Data extracts:
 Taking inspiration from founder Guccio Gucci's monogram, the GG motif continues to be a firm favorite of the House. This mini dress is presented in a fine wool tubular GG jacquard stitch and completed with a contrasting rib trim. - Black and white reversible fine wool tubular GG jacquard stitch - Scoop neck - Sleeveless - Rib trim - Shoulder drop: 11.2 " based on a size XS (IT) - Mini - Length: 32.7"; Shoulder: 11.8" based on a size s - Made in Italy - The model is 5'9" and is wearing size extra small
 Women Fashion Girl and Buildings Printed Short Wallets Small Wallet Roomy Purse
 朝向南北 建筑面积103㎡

==

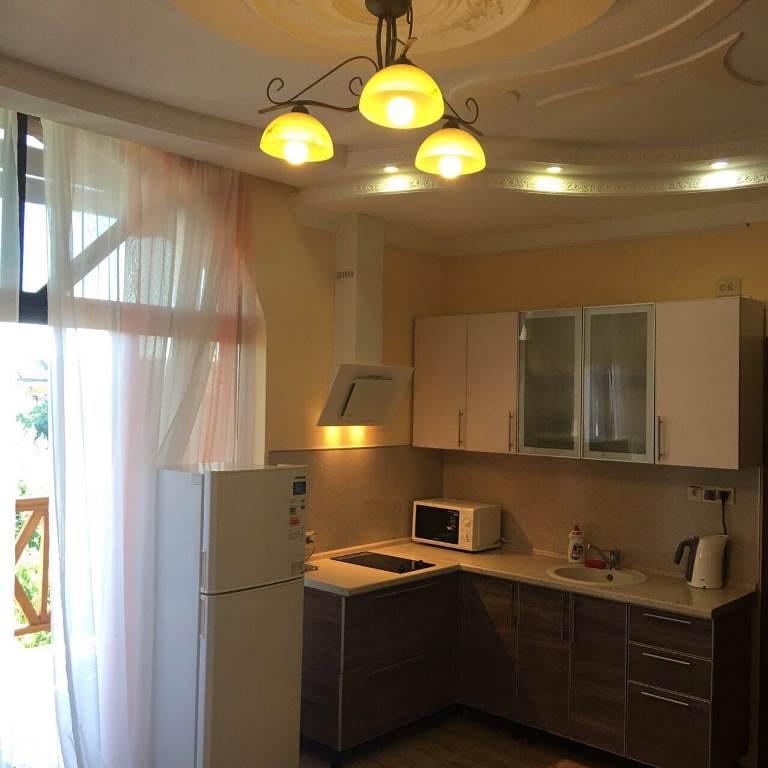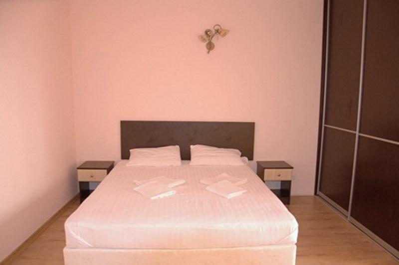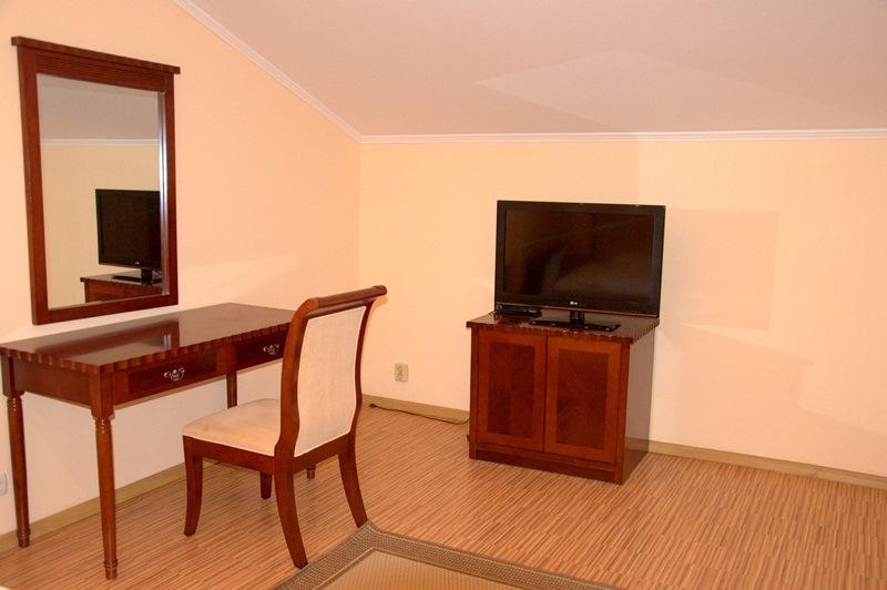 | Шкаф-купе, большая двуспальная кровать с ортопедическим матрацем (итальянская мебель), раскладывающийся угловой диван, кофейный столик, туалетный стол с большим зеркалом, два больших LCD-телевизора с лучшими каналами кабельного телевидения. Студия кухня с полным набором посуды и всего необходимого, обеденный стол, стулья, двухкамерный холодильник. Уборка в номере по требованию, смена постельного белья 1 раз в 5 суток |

==

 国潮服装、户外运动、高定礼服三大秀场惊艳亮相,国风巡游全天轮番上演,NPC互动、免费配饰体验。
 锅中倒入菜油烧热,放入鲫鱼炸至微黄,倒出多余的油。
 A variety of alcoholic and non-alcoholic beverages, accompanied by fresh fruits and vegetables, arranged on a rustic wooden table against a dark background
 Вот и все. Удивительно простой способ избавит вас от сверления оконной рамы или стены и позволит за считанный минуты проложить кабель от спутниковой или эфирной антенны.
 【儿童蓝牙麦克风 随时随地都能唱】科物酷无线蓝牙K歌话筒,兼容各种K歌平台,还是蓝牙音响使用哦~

Your objective:
Looking at the entries above, can you reproduce exactly the lines from the one that holds "国潮服装、户外运动、高定礼服" through the one that holds "A variety of", and only those?

Expected answer:
 国潮服装、户外运动、高定礼服三大秀场惊艳亮相,国风巡游全天轮番上演,NPC互动、免费配饰体验。
 锅中倒入菜油烧热,放入鲫鱼炸至微黄,倒出多余的油。
 A variety of alcoholic and non-alcoholic beverages, accompanied by fresh fruits and vegetables, arranged on a rustic wooden table against a dark background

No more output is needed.